Data for processing
= Beginning of Section =

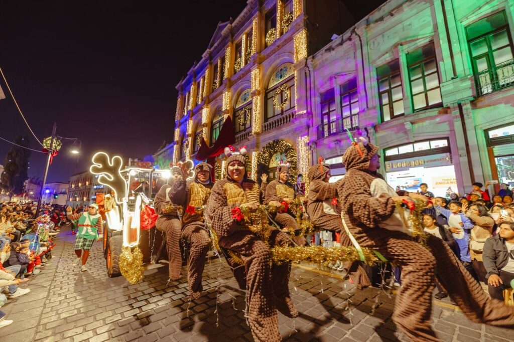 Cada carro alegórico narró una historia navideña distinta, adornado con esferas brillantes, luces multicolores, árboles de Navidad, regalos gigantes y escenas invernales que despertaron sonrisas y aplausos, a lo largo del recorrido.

= End of Section =
= Beginning of Section =

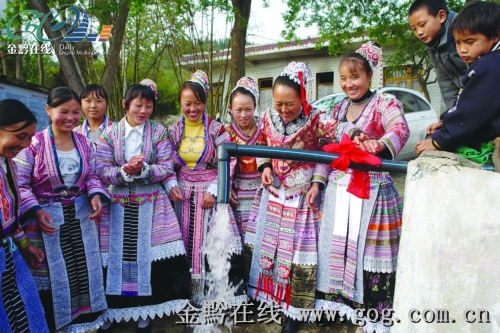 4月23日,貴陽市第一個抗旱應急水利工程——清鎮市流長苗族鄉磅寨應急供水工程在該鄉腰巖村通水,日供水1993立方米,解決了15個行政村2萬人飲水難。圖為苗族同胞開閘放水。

= End of Section =
= Beginning of Section =

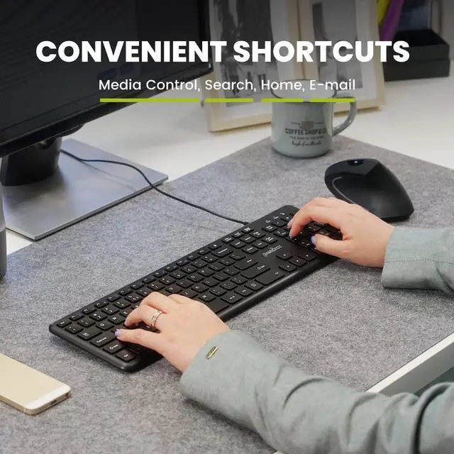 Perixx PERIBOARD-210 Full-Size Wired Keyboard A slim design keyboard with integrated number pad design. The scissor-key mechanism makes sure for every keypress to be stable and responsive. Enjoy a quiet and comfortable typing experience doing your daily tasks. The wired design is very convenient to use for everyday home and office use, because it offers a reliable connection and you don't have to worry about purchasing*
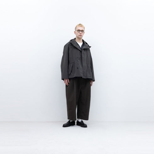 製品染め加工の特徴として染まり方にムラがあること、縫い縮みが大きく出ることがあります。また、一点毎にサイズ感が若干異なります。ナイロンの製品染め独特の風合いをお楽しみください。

= End of Section =

Task brief
Exactly the lines above, from the one containing "Perixx PERIBOARD-210 Full-Size" down to the one containing "製品染め加工の特徴として染ま", are to be repeated, including both ends. Pictures are not part of the copy.

Solved problem
 Perixx PERIBOARD-210 Full-Size Wired Keyboard A slim design keyboard with integrated number pad design. The scissor-key mechanism makes sure for every keypress to be stable and responsive. Enjoy a quiet and comfortable typing experience doing your daily tasks. The wired design is very convenient to use for everyday home and office use, because it offers a reliable connection and you don't have to worry about purchasing*
 製品染め加工の特徴として染まり方にムラがあること、縫い縮みが大きく出ることがあります。また、一点毎にサイズ感が若干異なります。ナイロンの製品染め独特の風合いをお楽しみください。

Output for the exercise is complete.